The average power usage effectiveness (PUE) ratio for a data center in 2020 is 1.58, only marginally better than seven years ago, according to the latest annual Uptime Institute survey (findings to be published shortly).
PUE, an international standard first developed by The Green Grid and others in 2007, is the most widely accepted way of measuring the energy efficiency of a data center. It measures the ratio of the energy used by the IT equipment to the energy used by the entire data center.
Aiming for 1.0
All operators strive to get their PUE ratio down to as near 1.0 as possible. Using the latest technology and practices, most new builds fall between 1.2 and 1.4. But there are still thousands of older data centers that cannot be economically or safely upgraded to become that efficient, especially if high availability is required. In 2019, the PUE value increased slightly, with a number of possible explanations.
The new data (shown in the figure) conforms to a consistent pattern: Big improvements in energy efficiency were made from 2007 to 2013, mostly using inexpensive or easy methods such as simple air containment, after which improvements became more difficult or expensive. The Uptime Institute figures are based on surveys of global data centers ranging in size from 1 megawatt (MW) to over 60 MW, of varying ages.

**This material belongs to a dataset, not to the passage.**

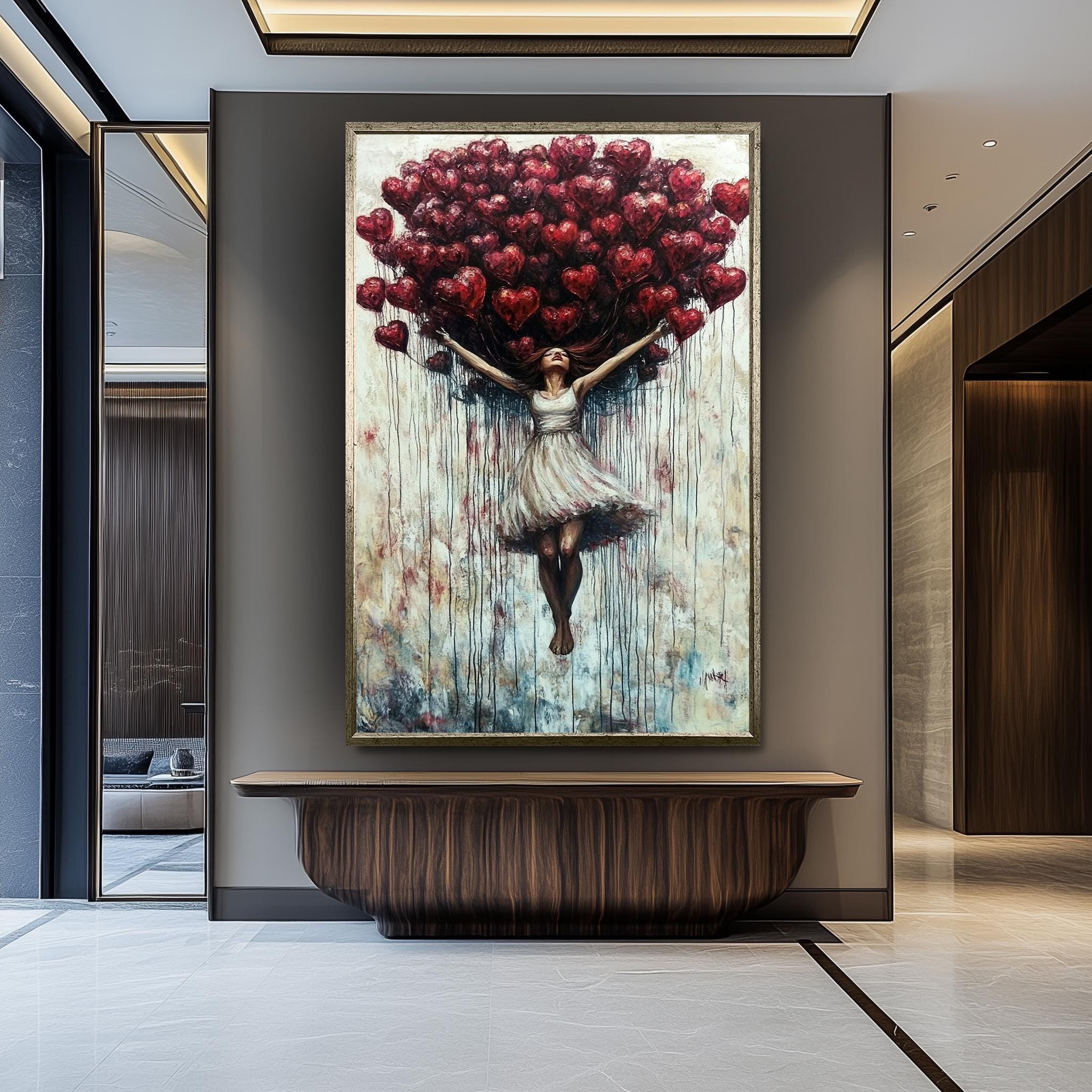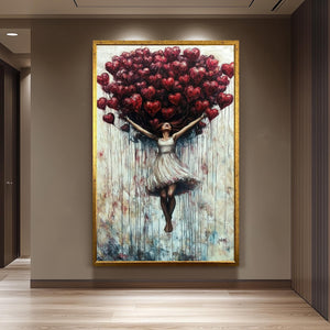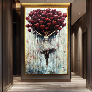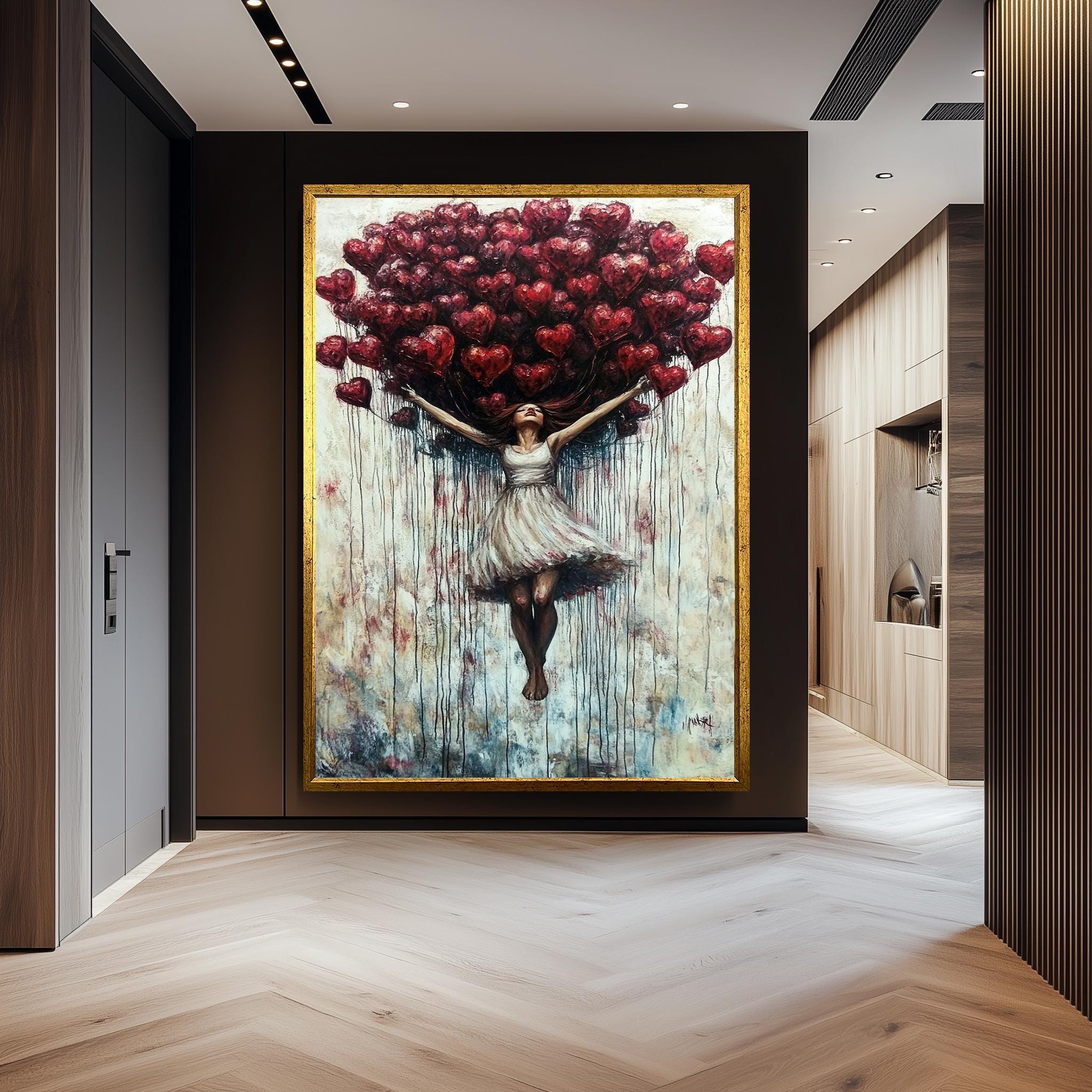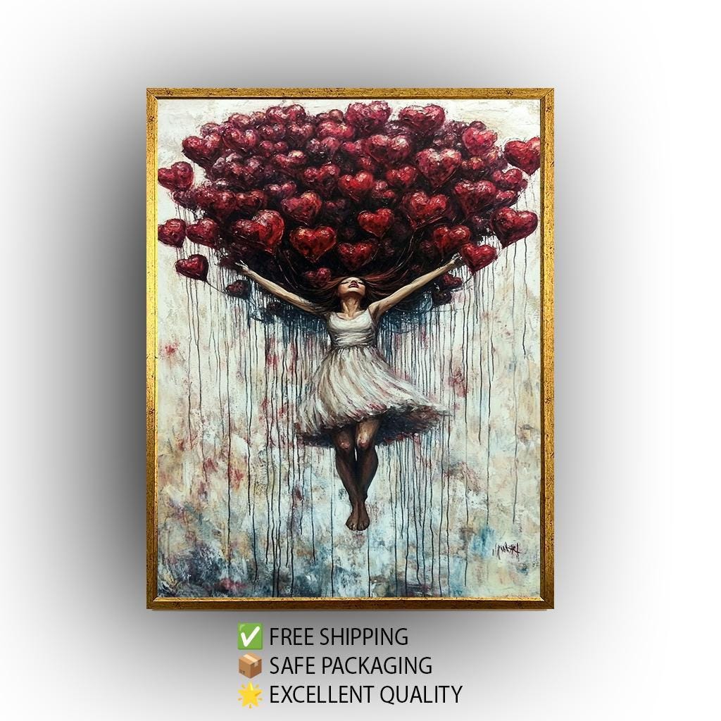 This romantic wall art titled "Woman With Heart Balloons Canvas Wall Art Romantic Surreal Print, Whimsical Modern Painting For Contemporary Bedroom Or Living Room Decor" brings a dreamy and emotional touch to any living space. Featuring a woman lifted by vibrant red heart balloons, this canvas wall decor captures love and freedom with expressive brushstroke art that conveys both whimsy and depth. Measuring from 8"x12" up to 40"x78", this love themed canvas fits perfectly in bedrooms, living rooms, or creative spaces, making it the ideal whimsical bedroom art or modern living room decor.

As ever, the data does not tell a complete story. This data is based on the average PUE per site, regardless of size or age. Newer data centers, usually built by hyperscale or colocation companies, tend to be much more efficient, and larger. A growing amount of work is therefore done in larger, more efficient data centers (Uptime Institute data in 2019 shows data centers above 20 MW to have lower PUEs). Data released by Google shows almost exactly the same curve shape — but at much lower values.
Operators who cannot improve their site PUE can still do a lot to reduce energy and/or decarbonize operations. First, they can improve the utilization of their IT and refresh their servers to ensure IT energy optimization. Second, they can re-use the heat generated by the data center; and third, they can buy renewable energy or invest in renewable energy generation.